The Earnings Surge Wall Street Is Quietly Warning Could Unravel
Amid all the noise around AI pullbacks and geopolitical tension, a quieter but more consequential story is unfolding in corporate earnings — one that long-term investors should understand before the second half of 2026 arrives. BMO Capital Markets just raised its S&P 500 year-end target to 7,850, citing what its chief investment strategist Francois Trahan calls an “unprecedented” earnings environment. S&P 500 forward earnings are currently growing at 29% annually — a rate that has only been seen twice in living memory: once coming out of the 2008 financial crisis, and again in the post-pandemic bounce of 2021. The key difference this time? There was no recession to create the crater that produced those rebounds. The momentum is organic, broad-based, and, by historical standards, extraordinary.
It is not just large-caps leading the charge. Mid-cap stocks are posting 18% forward earnings growth, and small-caps are running at 24%. For patient investors who have held diversified portfolios through the volatility of the past year, these numbers represent a meaningful tailwind. The BMO target implies roughly an 8% gain from mid-June levels — not a moonshot, but a grounded, fundamentals-backed call. Trahan’s bullish posture is weighted toward cyclical sectors, which tend to benefit most when broad economic momentum is strong. Industrials, energy, and select consumer discretionary names all fit that profile. Investors who have been waiting on the sidelines for “the right moment” may find that the earnings data is trying to tell them something.

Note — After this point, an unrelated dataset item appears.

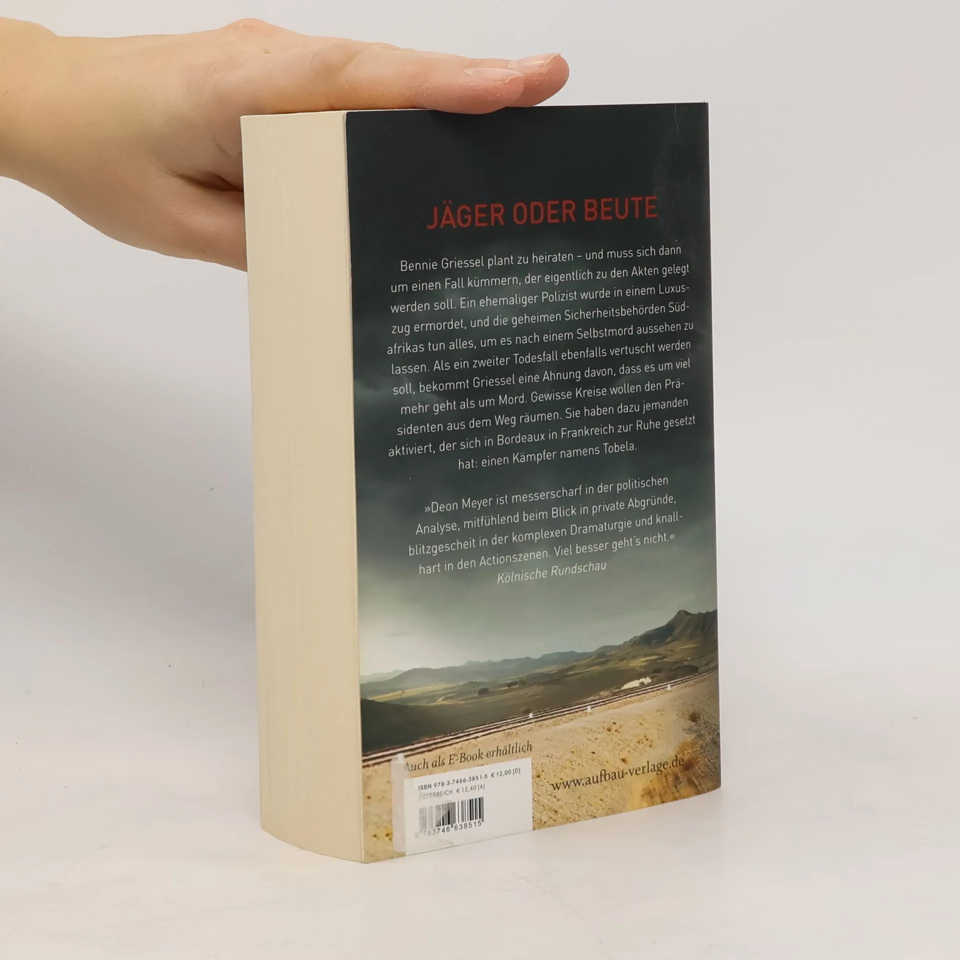 Jäger oder Beute. Bennie Griessel plant zu heiraten – und muss sich dann um einen Fall kümmern, der eigentlich zu den Akten gelegt soll. Ein ehemaliger Polizist wurde in einem Luxuszug ermordet, und die geheimen Sicherheitsbehörden Südafrikas tun alles, um es nach einem Selbstmord aussehen zu lassen. Als ein zweiter Todesfall ebenfalls vertuscht werden soll, bekommt Griessel eine Ahnung davon, dass es um viel mehr geht als um Mord. Gewisse Kreise wollen den Präsidenten aus dem Weg räumen. Sie haben dazu jemanden aktiviert, der sich in Bordeaux in Frankreich zur Ruhe gesetzt hat: einen Kämpfer namens Tobela. „Deon Meyer ist messerscharf in der politischen Analyse, mitfühlend beim Blick in private Abgründe, blitzgescheit in der komplexen Dramaturgie und knallhart in den Actionszenen. Viel besser geht's nicht.“ Kölnische Rundschau

Here is where the story gets more nuanced — and where long-term investors should pay close attention. Trahan himself flags the embedded risk: earnings growth at this pace almost always brings inflation as a byproduct. He describes inflation as likely to become “THE story of 2026,” potentially surpassing even AI in market relevance by year-end. His scenario sees stocks potentially running above the 7,850 target in the near term, before giving back gains when core inflation accelerates — likely in the fall. For the buy-and-hold investor, this is not a reason to panic or reposition frantically, but it is a reason to favor businesses with genuine pricing power: companies that can pass cost increases to customers and protect their margins through an inflationary cycle. Think wide-moat consumer staples, infrastructure operators, and well-capitalized industrials. The earnings picture is genuinely strong — but the smartest long-term investors are already thinking about what happens after the tide comes in.